Once the concentration of calcium has been ascertained then a direct link can be made to the potential for cardio-complications. Patients with increased levels of calcium deposits run a much higher risk of heart complaints regardless of whether they demonstrate any symptoms. For patients without symptoms and with a low to 0 level of calcium deposits, the risk of developing heart disease within the next two-four years is very low.

A positive result means that the patient does suffer from heart disease whether they are showing symptoms of not. The level of calcium can be used to predict the probability of a heart attach in the next few years. There is a 3 in 1 chance of heart disease in patients whose calcium levels are from 1 to 80 (in comparison with people with a zero level of calcium), 8:1 for people whose calcium levels are from 80 to 400 and approximately 25:1 for patients whose calcium levels are 400 and over. In comparison with traditional risk factors the ratios are as such 1.8:1 for those whose cholesterol level is 240 mg/dl or above; 1.8:1 for those who have a high level of lipoproteins above 35 mg/dl; 5.4:1 for diabetics; 3.6:1 for smokers; and 2.6:1 for those with high blood pressure.

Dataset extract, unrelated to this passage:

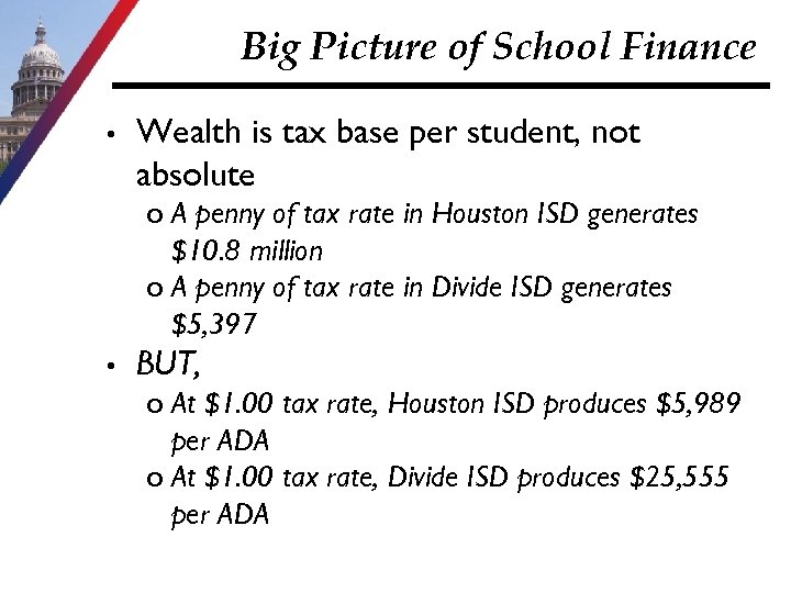 Big Picture of School Finance • Wealth is tax base per student, not absolute o A penny of tax rate in Houston ISD generates $10. 8 million o A penny of tax rate in Divide ISD generates $5, 397 • BUT, o At $1. 00 tax rate, Houston ISD produces $5, 989 per ADA o At $1. 00 tax rate, Divide ISD produces $25, 555 per ADA

An increased level of calcium deposits is a much bigger threat to patients’ health than any of the traditional risks, even if they are all combined. 

Should a series of results indicate a sharp increase in deposit level over a short period of time then this similarly suggests a high threat of heart disease.

Increased levels of coronary calcium are also linked to atherosclerotic diseases of the vascular system, in particular the prevention of the essential circulation of blood to the brain.

In conclusion:

Assessing coronary artery calcium allows doctors to provide a non-invasive and correct analysis of patients’ coronary status even if patients show no symptoms of heart disease. It allows them to predict the threat to patients’ health in the future, and to identify the necessary preventive measures and observe any developments. Regular check-ups allow medical professional to take note of any changes in calcium levels and observe the success of treatment.

Assessing coronary artery calcium levels does not identity the location of the deposits or give specifics on the degree of coronary narrowing and, as such, does not replace radionuclide myocardial perfusion image testing, which makes it possible to study the blood supply to the heart and therefore ascertain the extent coronary stenosis.

About the test:

This test is absolutely painless and usually takes up to 15 minutes. It does not require any special preparation, clients can continue taking any prescribed medicines, but should avoid caffeine and cigarettes for up to 4 hours prior to the examination.